Records from a data source:
◇ ◇ ◇ ◇
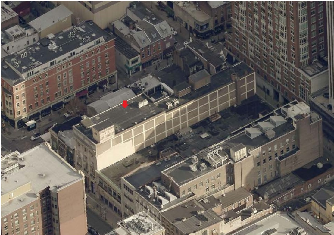
Figure 6. The west elevation of the Samuel T. Freeman & Co.'s auction house, 2018
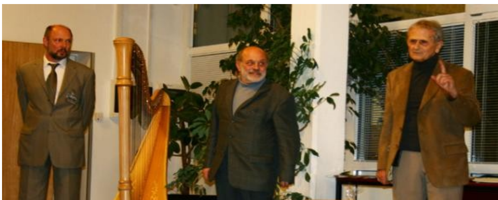
The atmosphere from the award ceremony
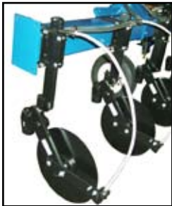
Jet Stream liquid injection assembly with Super 1200 Flex Coupler
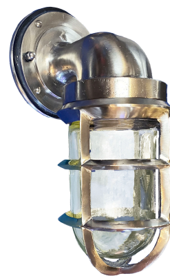
(Satin Nickel, J-Box Adapt)
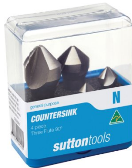
D106 Countersink Sets – 90° Three Flute
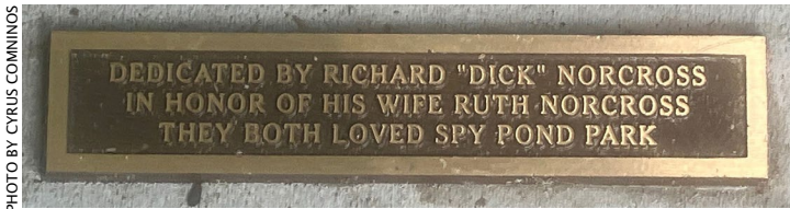
A new bike rack was installed at SPP thanks to the generosity of the late Dick Norcross, longtime faithful FSPP volunteer
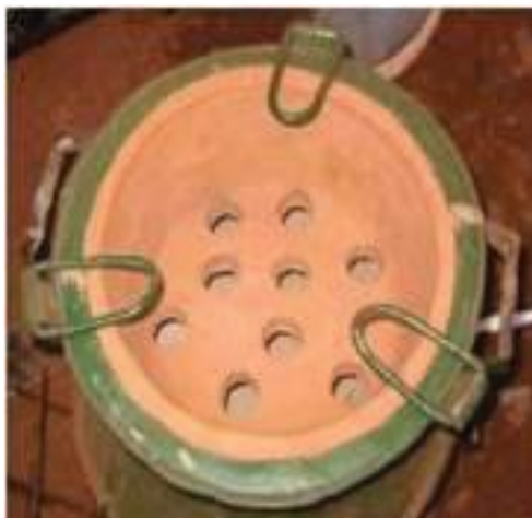
Improved energy cooking stoves.
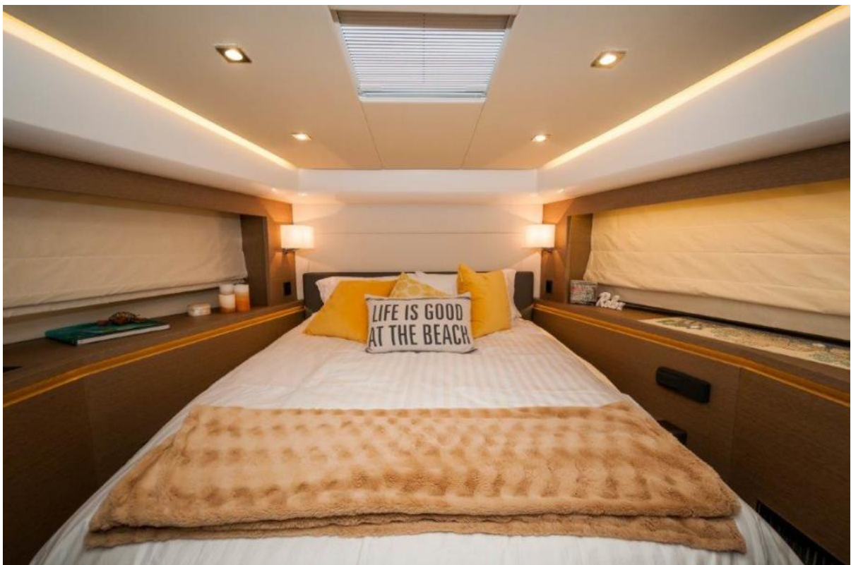
2017 Prestige 56 Flybridge VIP Stateroom
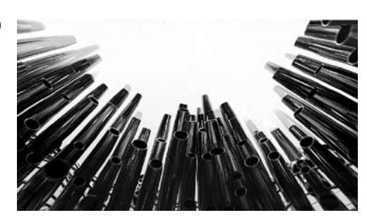
Example 1. Images from Rimas Sakalauskas's video clip for Last Pagan Rites : a) concentric circles hovering over the forest; b) ascending organ pipes
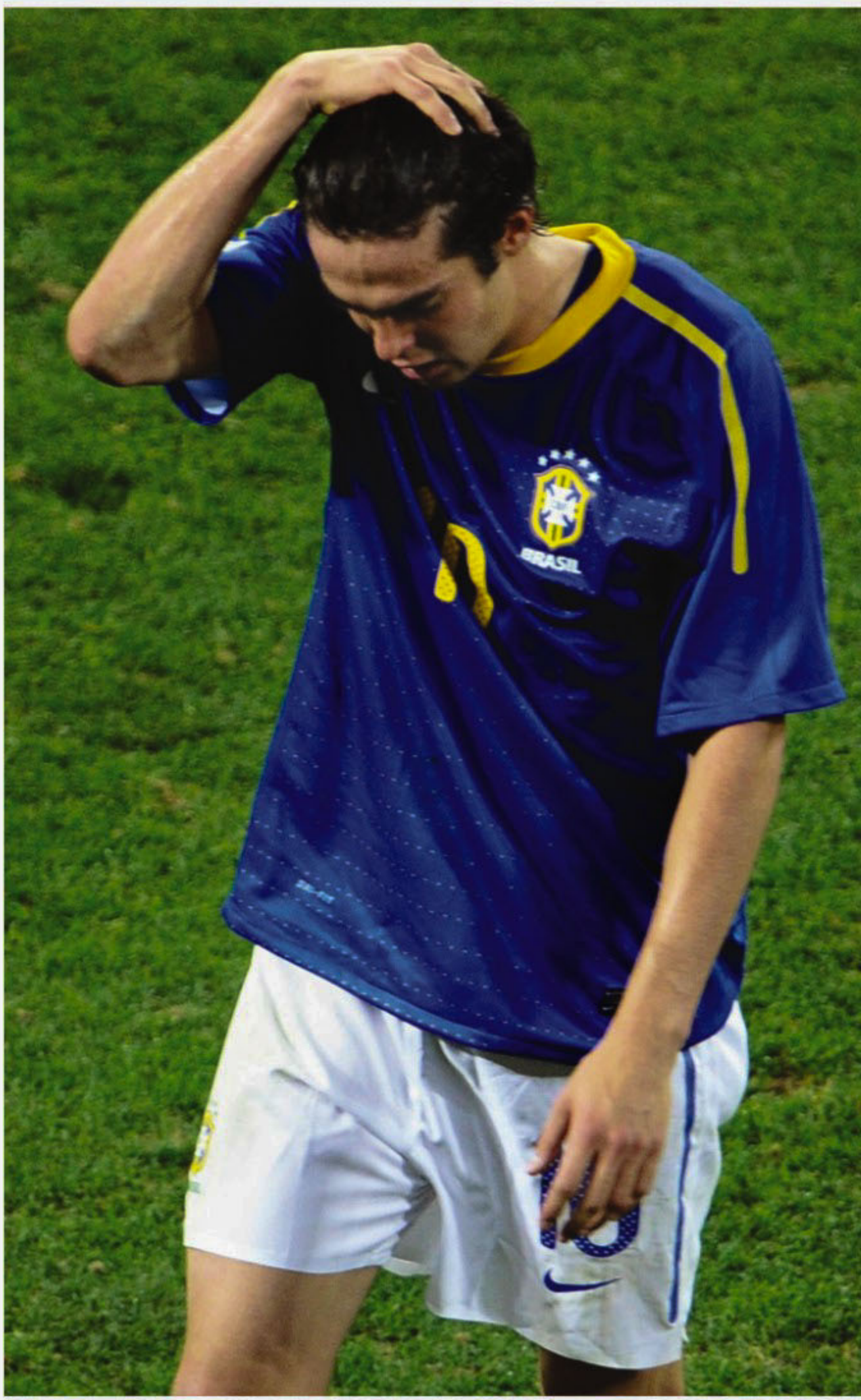
IT IS OVER: A miserable Kaka walks off after their shock defeat at the hands of the Dutch during the quarterfinal at the Nelson Mandela Bay stadium in Port Elizabeth on Friday.
◇ ◇ ◇ ◇
Try it:
Your answer must be exactly the lines from the one with "D106 Countersink Sets – 90° Three Flute" through the last line of the entries, both included, with no pictures; please add nothing else.

Solution below:
D106 Countersink Sets – 90° Three Flute
A new bike rack was installed at SPP thanks to the generosity of the late Dick Norcross, longtime faithful FSPP volunteer
Improved energy cooking stoves.
2017 Prestige 56 Flybridge VIP Stateroom
Example 1. Images from Rimas Sakalauskas's video clip for Last Pagan Rites : a) concentric circles hovering over the forest; b) ascending organ pipes
IT IS OVER: A miserable Kaka walks off after their shock defeat at the hands of the Dutch during the quarterfinal at the Nelson Mandela Bay stadium in Port Elizabeth on Friday.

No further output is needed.